ReplyDeleteI like Dafoe in this a lot. Dafoe has always been able to do creepy well, and here it's no less creepy than he often is, but it's of a different sort, or at least focused in a different way.
Both Kinnear and Dafoe could have been considered for Oscars in a less prudish world. For as much as Hollywood likes to show and talk about sex, it's remarkably unwilling to reward it much come Oscar time.
Dafoe is usually "menacing creepy", sometimes even without trying, but in this one he's more "needy creepy", so he did impress me.
DeleteI agree that the Oscars shy away from characters who enjoy sex. I went back through the nominees for Actor and Actress back to 2000 and none of them really played a role like that. Geoffrey Rush in Quills played the Marquis de Sade, but the movie is about censorship and freedom of expression, not sex. Peter O'Toole plays a "dirty old man" in Venus, but not one anyone has to worry about. DiCaprio's character in The Wolf of Wall Street may be the most amoral one I could find, but even then it was much more about the money and drugs than it was about sex.

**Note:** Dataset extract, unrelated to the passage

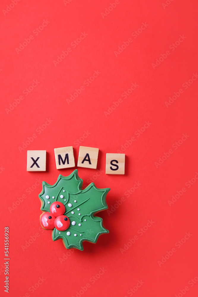 Christmas gingerbread holly leaf shaped cookie and wooden letters "xmas" on red background close up. symbol of Christmas holiday, Advent Festive winter season. minimal style. top view

As for the women, Jennifer Lawrence's character is referred to as a "slut" many times in Silver Linings Playbook but she never actually does anything in the movie and she's "trying to get better". Joan Allen's character in The Candidate has to defend herself for appearing on video having sex, but the movie completely wipes that away. Charlize Theron in Monster is a prostitute, but she certainly does not enjoy having sex with the johns. Diane Lane in Unfaithful may come the closest since she has hot sex while cheating on her husband, but even there she learns An Important Lesson.
Love review Chip, as usual. I really enjoyed this film. It was definitely underrated. It was a very interesting take on a sex addiction. It seems like in 2002 sex addiction still wasn't widely accepted as an addiction so in some ways this film was ahead of its time.
ReplyDeleteThanks.
DeleteThis may disappoint you, but I don't believe in sex addiction. Everybody likes sex. We're supposed to otherwise our species would have died out a long time ago.